BRIEF: Below are entries. Copy exactly the lines running from the line that holds "14K White Rhodium Rose Pendant" to the line that holds "Figure 9 shows", with both ends included.

PROVIDED DATA:
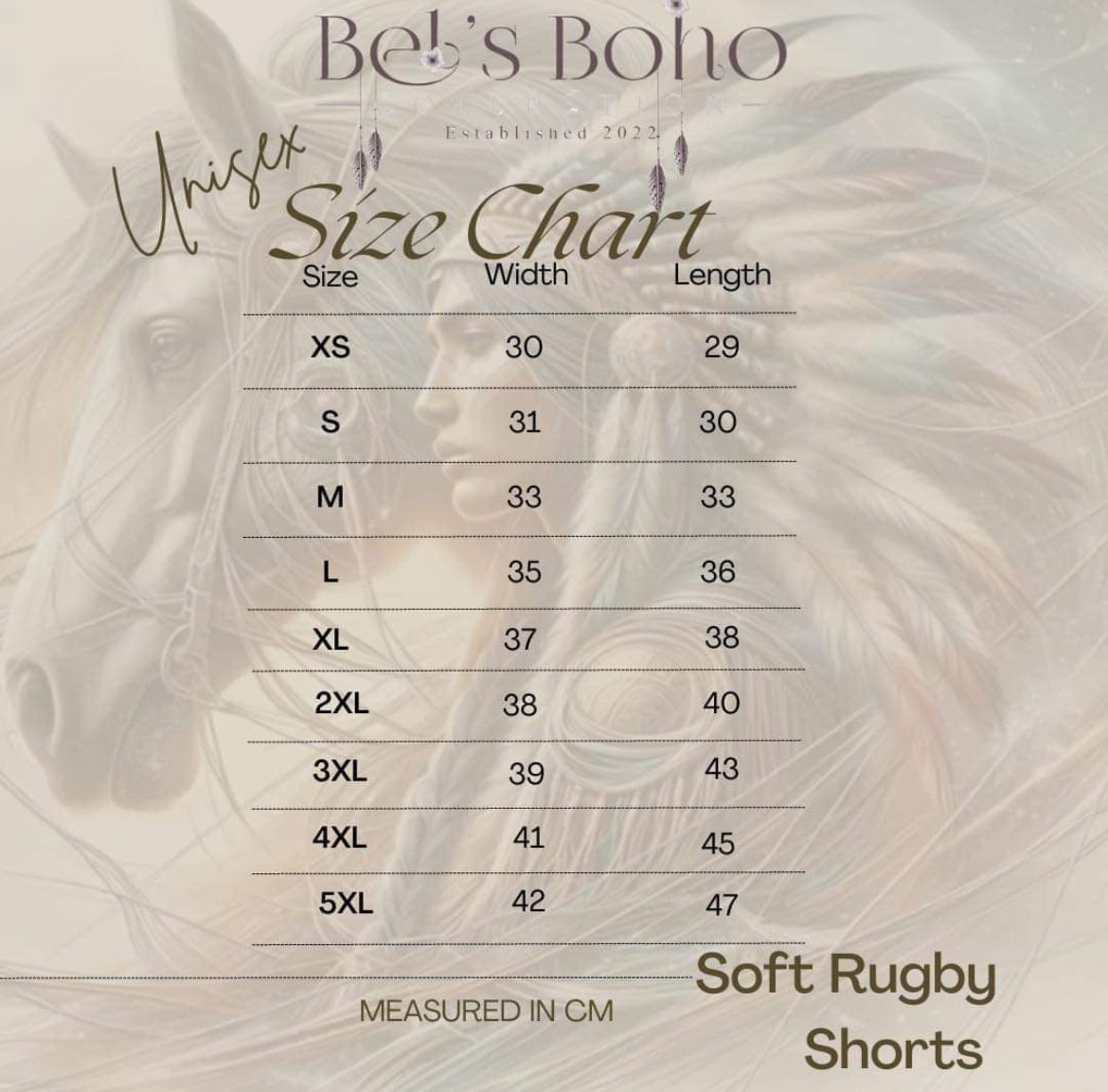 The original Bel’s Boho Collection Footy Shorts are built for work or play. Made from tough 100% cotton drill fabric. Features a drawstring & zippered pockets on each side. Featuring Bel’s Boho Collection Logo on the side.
---
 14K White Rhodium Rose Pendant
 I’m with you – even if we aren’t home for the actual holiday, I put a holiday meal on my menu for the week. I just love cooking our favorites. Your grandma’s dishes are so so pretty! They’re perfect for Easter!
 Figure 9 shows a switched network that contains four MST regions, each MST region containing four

TASK RESULT:
 14K White Rhodium Rose Pendant
 I’m with you – even if we aren’t home for the actual holiday, I put a holiday meal on my menu for the week. I just love cooking our favorites. Your grandma’s dishes are so so pretty! They’re perfect for Easter!
 Figure 9 shows a switched network that contains four MST regions, each MST region containing four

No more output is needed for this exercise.